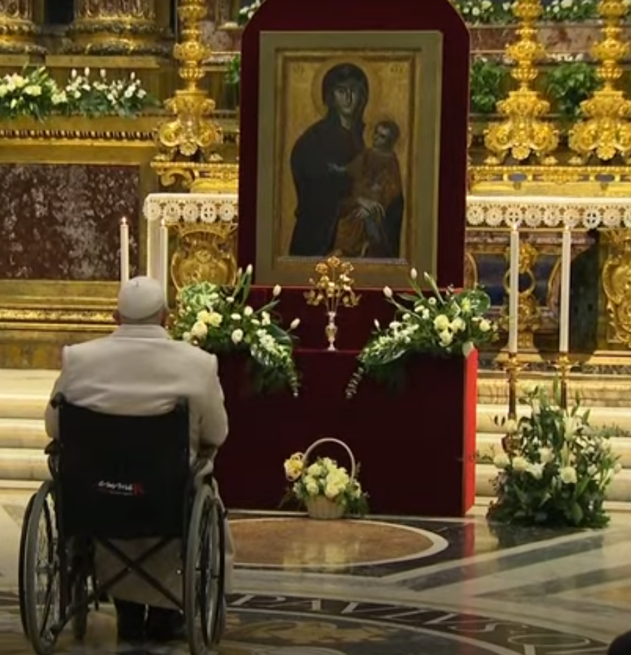 教宗在罗马人民救援之母像前献上金玫瑰,并为世界和平,尤其为乌克兰和圣地祈祷。
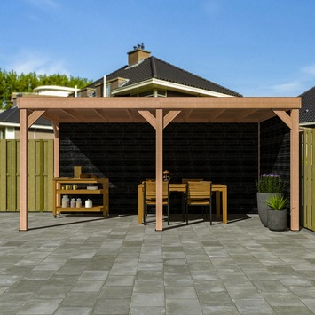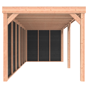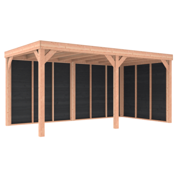 Deze Douglas terrasoverkapping met achterwand en zijwand is een toegevoegde waarde voor iedere tuin. De karakteristieke look die Douglas hout in jouw tuin brengt, zorgt voor een natuurlijke en vooral sfeervolle uitstraling. Het Douglas hout is een sterke soort tuinhout dat van nature goed bestand is tegen vuil en vocht. Deze houten overkapping is 522 cm breed en 270 cm diep en wordt geleverd inclusief EPDM-folie voor een waterdichte dakbedekking. Het totaalpakket staat extra stevig dankzij de 12x12 cm Douglas palen.
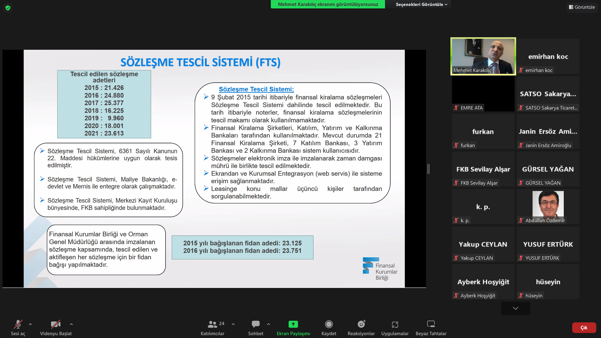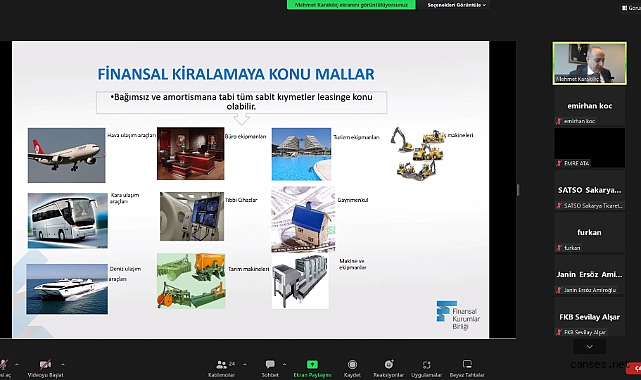 FKB Finansal Kiralama Sektöründen sorumlu Genel Sekreter Yrd. Mehmet Karakılıç'ın sunumu ve SATSO Üyesi firma temsilcilerinin katılımıyla webinar platformu üzerinden gerçekleştirildi.
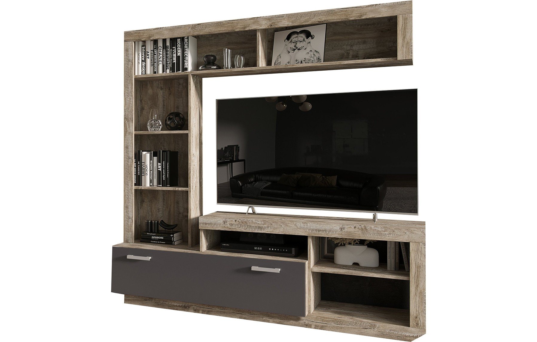Ангара Центральная секция мини-стенка с тумбой ТВ (откидная дверца и ниши), стеллажом и секцией с полками. Материал ЛДСП.
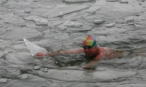 عشاق السباحة الشتوية في مدينة تومين غرب سيبيريا 40 ساعة في الماء البارد، وذلك في

────

Directions - Please retype only the lines from the line that holds "FKB Finansal Kiralama" through the end of the records, exactly as they stand, and drop every picture.

Result of the task -
 FKB Finansal Kiralama Sektöründen sorumlu Genel Sekreter Yrd. Mehmet Karakılıç'ın sunumu ve SATSO Üyesi firma temsilcilerinin katılımıyla webinar platformu üzerinden gerçekleştirildi.
Ангара Центральная секция мини-стенка с тумбой ТВ (откидная дверца и ниши), стеллажом и секцией с полками. Материал ЛДСП.
 عشاق السباحة الشتوية في مدينة تومين غرب سيبيريا 40 ساعة في الماء البارد، وذلك في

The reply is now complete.